On the game theory why collusion attacks are not a security risk

in #bitnation5 years ago (edited)

If 2% of all people collude, they get bots 0.03% of all personhood tokens, that's 0.015x whatever a person-token provides, per person colluding. One of the benefits of personhood tokens could be basic income, for a 1000 dollar UBI that would be 15 dollar per person colluding. The bots who collude with humans need a much larger population of humans than they get bots, because of the randomization of pseudonym pairs, and for humans to collude, there are game theoretical rules, you need to pay them. I'm not sure that it is feasible economically to get people to attack their network for 15 dollars. If 10% collude, the total share per personhood token per person is 0.05x so slightly more, 50 dollars from a 1000 dollar basic income.

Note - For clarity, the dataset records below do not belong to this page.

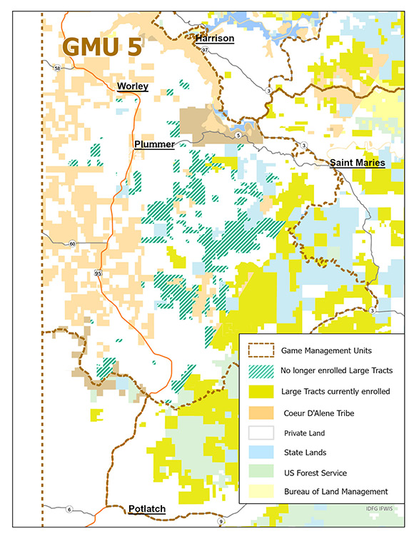In late September, land sales in Idaho’s Game Management Unit 5 – the Panhandle region – removed nearly 30,000 acres of private land, previously enrolled in the state’s Large Tracts Program and open to hunting, from the program. The land was owned by Stimson Lumber. It was sold to the Coeur d’Alene Tribe. The land is located on the Coeur d’Alene Reservation and has always been an important part of the tribe’s homeland. Entering any private land while access is closed or restricted is trespassing. For more information about hunting on lands owned by the Coeur d’Alene Tribe, hunters are encouraged to contact the tribe directly. These sales are a reminder that all Large Tracts parcels are private lands and can change ownership at any time. Outdoor people should never assume last season’s access is still valid. Always confirm land status before your trip by checking the Idaho Hunt Planner. All Large Tracts lands are privately owned and only accessible to the public due to partnerships between Idaho Fish and Game (IFG) and private landowners. Private landowners set rules for their lands, not IFG.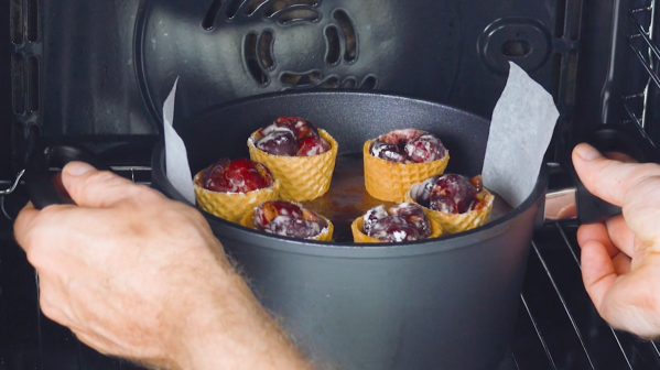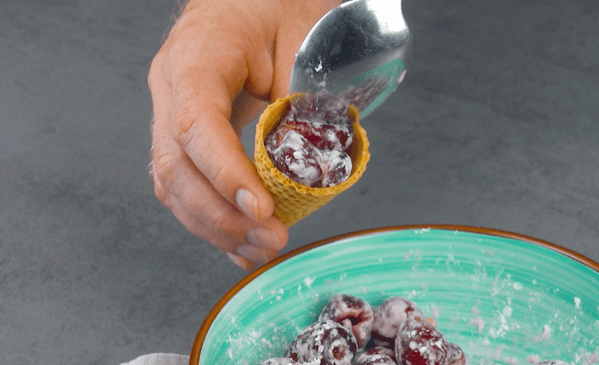 - Pit the cherries and mix them together with the cornstarch. Spoon the cherry mixture into 6 of the ice cream cones.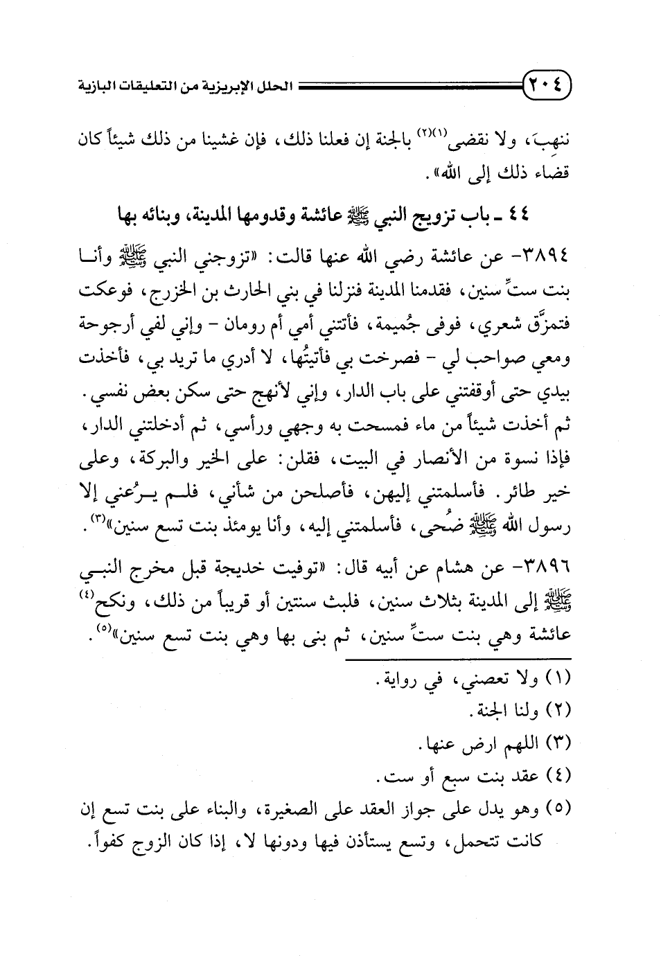 3894 - عن عائشة - رضي الله عنها - قال: «تزوجني النبي - صلى الله عليه وسلم - وأنا بنت ستِّ سنين، فقدمنا المدينة فنزلنا في بني الحارث بن الخزرج، فوعكت فتمزَّق شعري، فوفى جُميمة، فأتتني أمي أم رومان - وإني لفي أرجوحة ومعي صواحب لي - فصرخت بي فأتيتُها، لا أدري ما تريد بي، فأخذت بيدي حتى أوقفتني على باب الدار، وإني لأنهج حتى سكن بعض نفسي. ثم أخذت شيئًا من ماء فمسحت به وجهي ورأسي، ثم أدخلتني الدار، فإذا نسوة من الأنصار في البيت، فقلن: على الخير والبركة، وعلى خير طائر. فأسلمتني إليهن، فأصلحن من شأني، فلم يرُعني إلا رسول الله - صلى الله عليه وسلم - ضُحى، فأسلمتني إليه، وأنا يومئذ بنت تسع سنين» (¬3).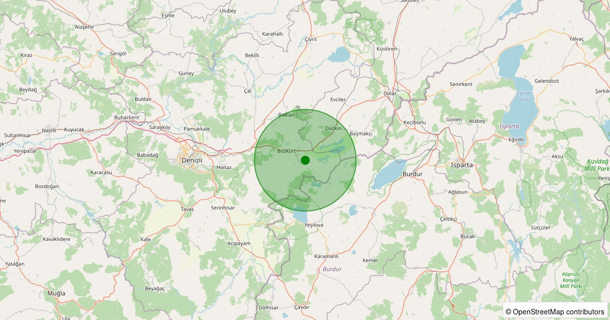 Son 7 gün içinde Çardak - Hürriyet noktasından 100 km yarıçap içerisinde meydana gelen diğer depremler: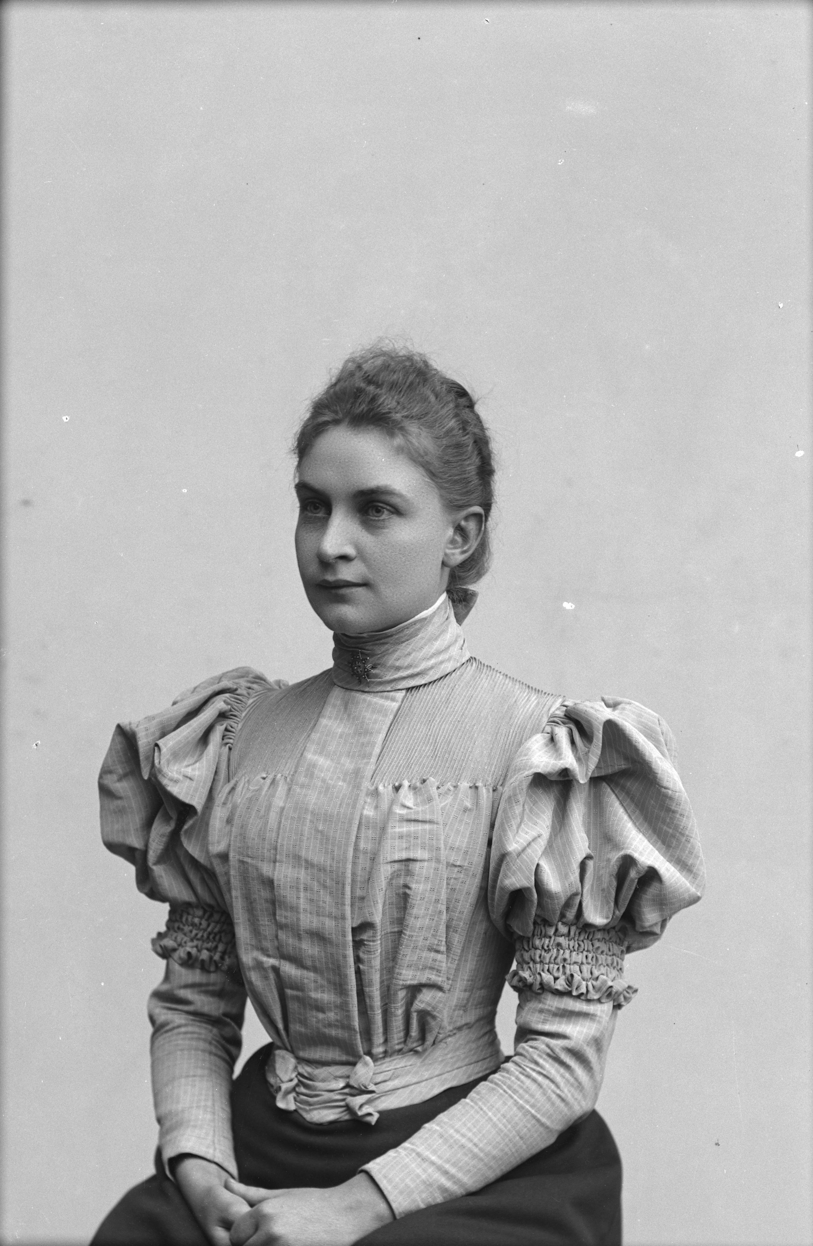 Beskrivning: Porträtt i halvfigur av Ebba Lundgren.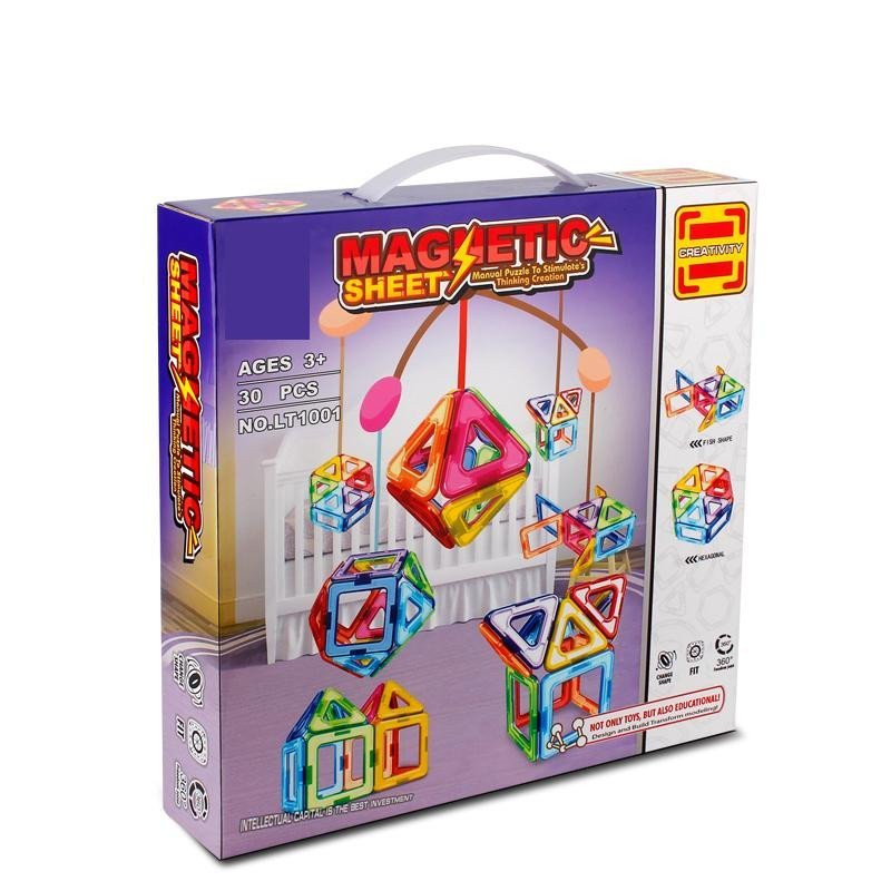 Magnetická stavebnice s 30 dílky, které můžeš poskládat jak chceš. Magnetické dílky u sebe krásně drží.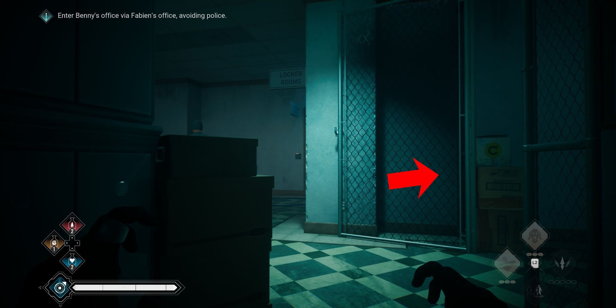 Start from Fabien’s office. Sneak behind the lockers and wait until the people in the office have left the hallway near the evidence room. Then, crouch low under the window to stay hidden from the officer in the hallway office, and open the door to the evidence room.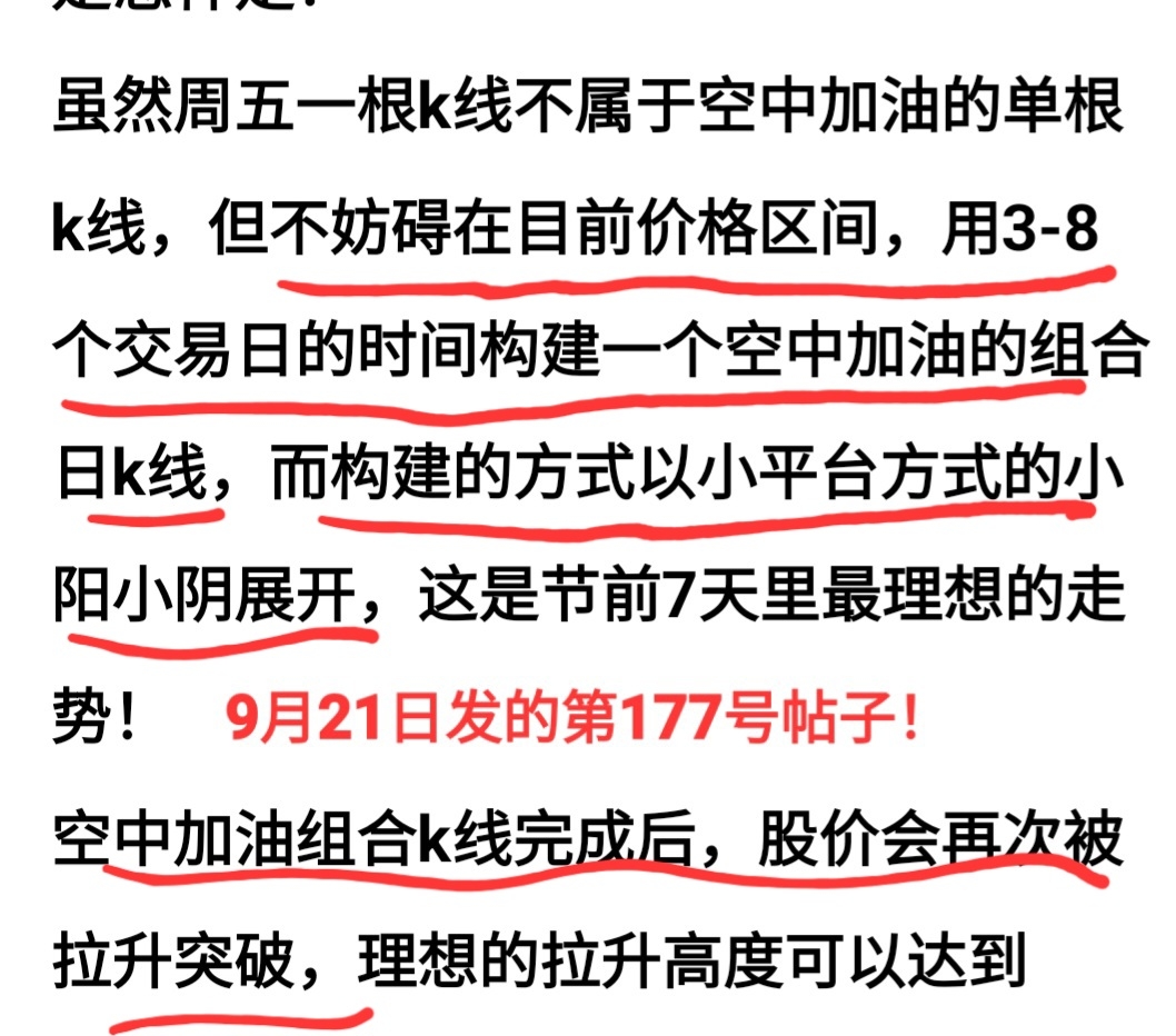 $远东股份(SH600869)$ 昨天股价突破了前高8.59!这是从9月19日那根大阴线后,用了8个交易日完成了空中加油组合k线!我在9月21日的【第177号帖】里曾经明确过:‘’用3-8个交易日的时间构建一个空中加油的组合日k线,而构建的方式以小平台方式的小阳小阴展开。空中加油组合k线完成后,股价会再次被拉升突破‘’。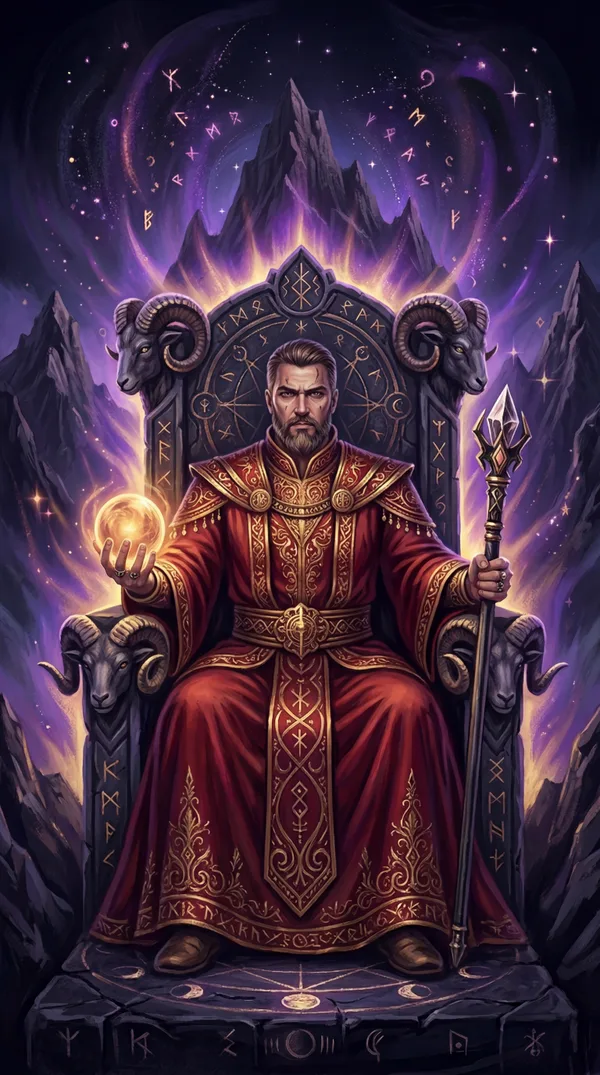 Aries. Cardinal fire. Authority, command, and the drive to build order.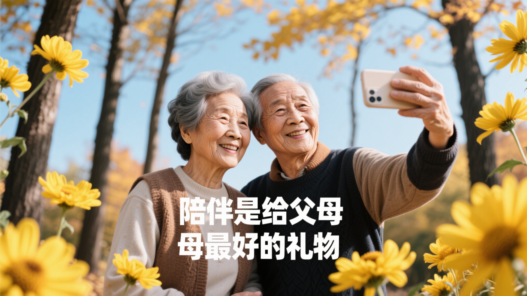 作品描述:现代简约风格,一对老人在秋日树林自拍,周围金黄菊花环绕,配文 “陪伴是给父母最好的礼物”,风格清新,体现节日里的温馨互动。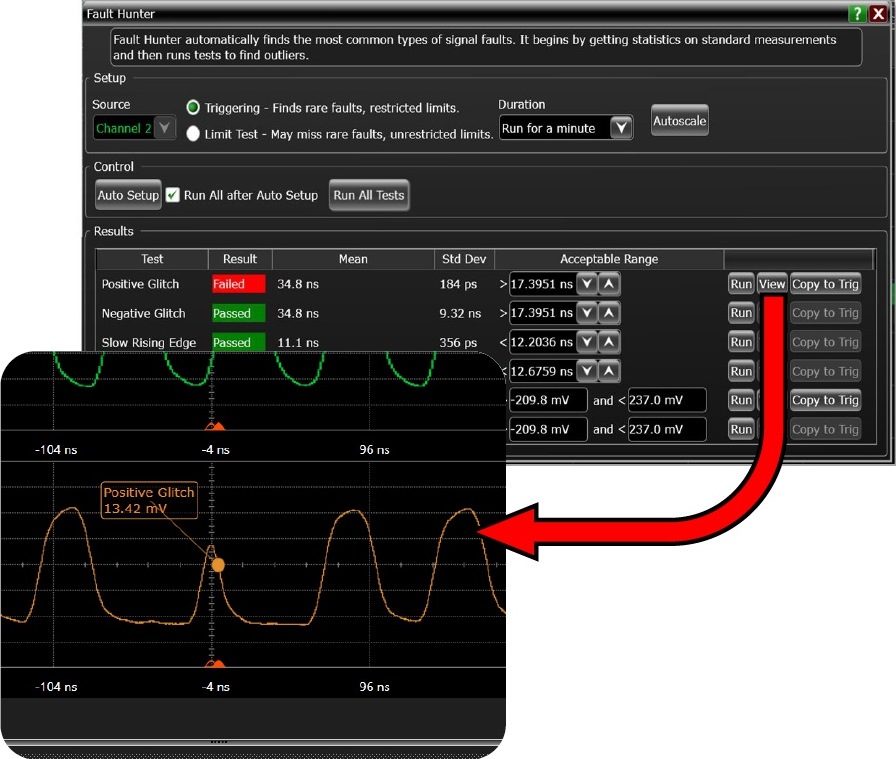 Tra le numerose caratteristiche funzionali condivise con gli analoghi strumenti della famiglia MXR, segnaliamo la disponibilità dell'innovativo "cercaguasti automatico", battezzato da Keysight come fault hunter, una funzione software che va a caccia di anomalie sui segnali anche su sequenze di acquisizione molto lunghe, che può aiutare molto nello attività di debug per scovare problemi intermittenti.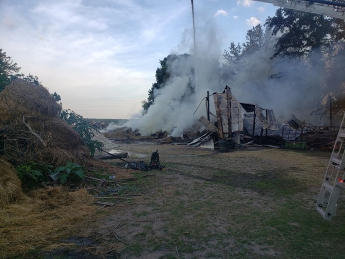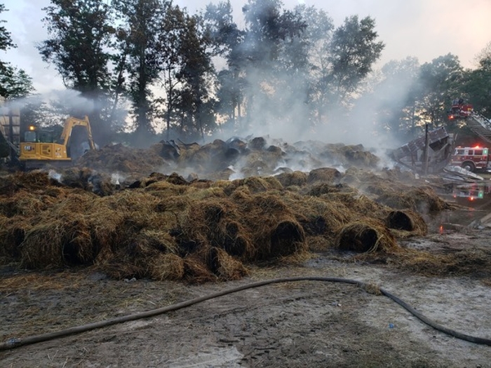 The affected structure, a 40x120-foot pole barn, sustained an estimated $100,000 in structural damage, along with an additional $50,000 in losses to its contents.

If 25% collude, 3% of all personhood tokens, 0.12x a personhood token per person, 120 dollars per person, getting a bit more significant but 1/4th of a population is quite large. If 50% collude, 15% of all personhood tokens, 0.3x, 300 dollars, and at that point half the population is attacking.

The bots need something for themselves as well, if 50% of the profit from the attack goes to the colluding humans, that is even less, a 1000 dollar UBI gives 7.5 dollars per person in a 2% attack, and so on. I may be wrong, but getting 0.0075x less from attacking the network than you get from the network itself, does not really seem that big of an incentive.